51

I knew it was coming. Because of many extenuating circumstances, the day slipped by almost unnoticed. But I have arrived. I’m solidly in my fifties now. As I told a friend this morning, “I love the number 51. It’s so stealthy. Seems like it’s prime, but it isn’t. Kind of like me these days.” Har, har.

Ushering in this particular year means that the coming calendar year brings a significant milestone for me: in April, it will be ten years since my initial melanoma diagnosis. When I was diagnosed, in 2013, things were maybe looking better for patients, but it was still a very grim reality to face. As I progressed into lung metastases (2014) and the brain thing (2015), things got better and better in terms of the medicine. And they got better and better for me. I’m insanely lucky to still be alive, but it’s not an accident. It seems that the medicine is doing (or did do) precisely what was intended. I’m just waiting around for my type of response to treatment to catch up to everyone else.

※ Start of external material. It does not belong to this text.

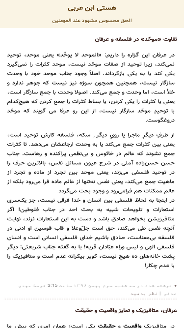 هستی ابن عربی الحق محسوس مشهود عند المومنین

I’m working in a medical school library now. It’s very exciting to think that the Next Big Thing in treatment could come from the mind of one of the students I’ll be working with. I haven’t yet settled on what I might want to say at work about my dealings with cancer. Anyone with the curiosity to do so can easily find their way to my blog, of course. But if I bring this up in my work context I need it to be for a reason, I need it to have some kind of educational value or be some way that medical practitioners in training can learn about working with their future patients. I’ll have to think about all that.

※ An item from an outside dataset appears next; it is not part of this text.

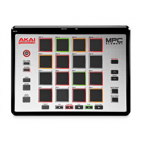 Akai Professional MPC Element è un MIDI controller hardware collegabile via USB a Mac, PC e iPad (tramite Apple Camera Connection Kit) costruito attorno ad uno chassis in alluminio di soli 17mm di spessore per un peso di circa 800 grammi, dotato di 16 pad e pulsanti retro-illuminati e di una cover protettiva integrata. Definita dai progettisti come "la MPC per tutti", MPC Element include le classiche funzioni Note Repeat, Swing, 16 Level, Full Level, Tap Tempo e, come nelle ammiraglie MPC Renaissance e MPC Studio, i pad multicolore retroilluminati sensibili alla pressione e alla velocity. L'hardware MPC Element invia messaggi MIDI standard quindi può essere utilizzato come controller a pad per qualsiasi software musicale MIDI compatibile in ambiente Windows e Mac. Oltre al collegamento USB (in dotazione viene fornito il cavo USB), utile anche per l'alimentazione, MPC Element dispone delle porte MIDI IN e MIDI OUT su connettori DIN per interfacciarti all'occorrenza con altri strumenti hardware MIDI. Il software MPC Essential (gratuitamente scaricabile dal sito web AKAI) con la sua wavetable da 1GB di samples inclusi rappresenta il cuore sonoro del bundle MPC Element: un software che opera a 32 e 64-bit, con 64 voci di polifonia e che supporta file nei formati audio Wav e AIFF. I 16 pad fisici si articolano su 8 banchi virtuali del software, per un totale di 128 pad ai quali potremo assegnare samples. Il software MPC Essential funziona sia in modo indipendente (stand-alone) grazie al mini sequencer integrato, oppure come plug-in all'interno della tua DAW (Cubase, Logic, Ableton Live, etc.) compatibile VST, RTAS, o AU.

Off to work. Day 1 of the rest of my life.
I have a cube.
Keychain my brother made for me in shop. I mostly have used it for work keys. Now I have work keys.
My first interlibrary loan request. I can honestly say I contributed to this paper, because I am one of the patients they’re writing about. (Dr. K, Dr. P, and Nurse Practitioner K are coauthors.)

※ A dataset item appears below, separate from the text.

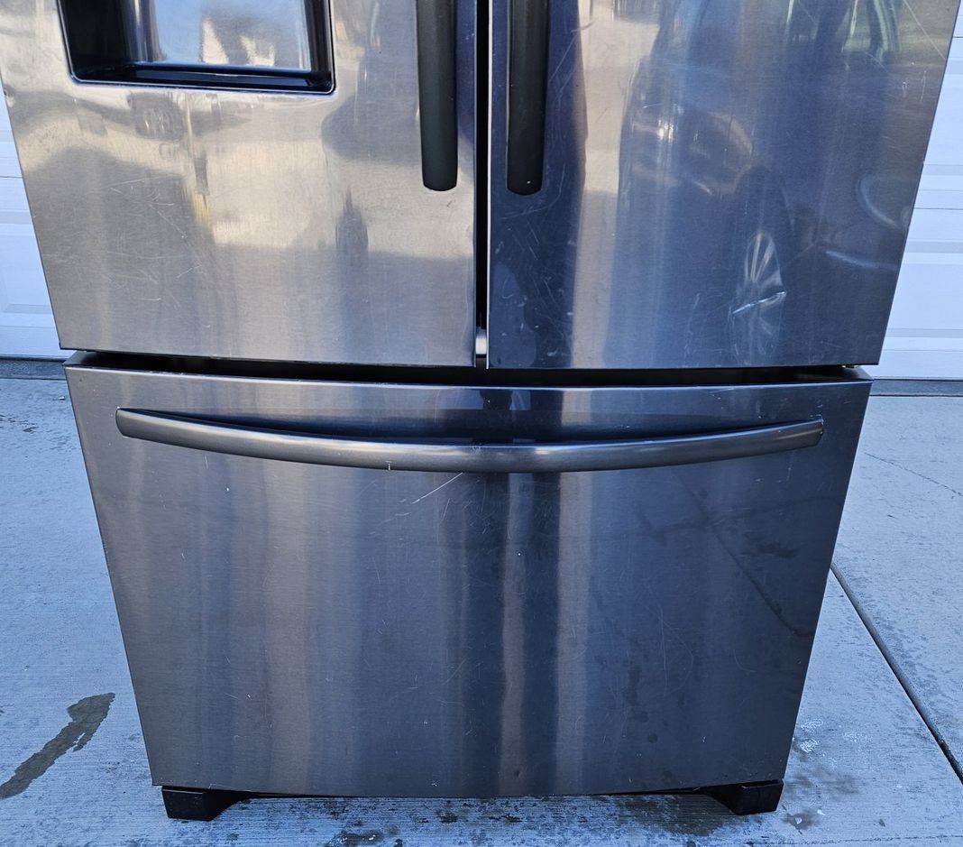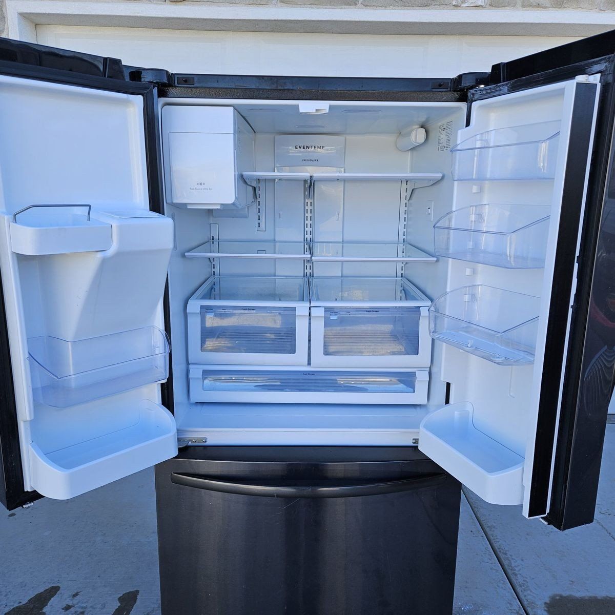 The Frigidaire FFHB2750TD8 is a 36-inch, 26.8 cu. ft. French door refrigerator in black stainless steel, featuring EvenTemp™ technology, multi-level LED lighting, and an in-door ice/water dispenser. It is a standard-depth unit known for its spacious, adjustable interior, generally well-regarded for performance, though some users report average ice production speeds Actual Width (Inches) 35.875

There is a whole lot else going on but for now I’m going to wrap this up. My birthday dinner was co-opted for another purpose, so we’re having it tomorrow. I can say one thing: having a job is the best antidepressant I can think of. My self-esteem is no longer scraping bottom because I am not employed. I am not moping around the house. My commute is reasonable, I’m reading again while I’m on the train, and I’m getting more steps in every day. 51 is a quiet joy — at least for now.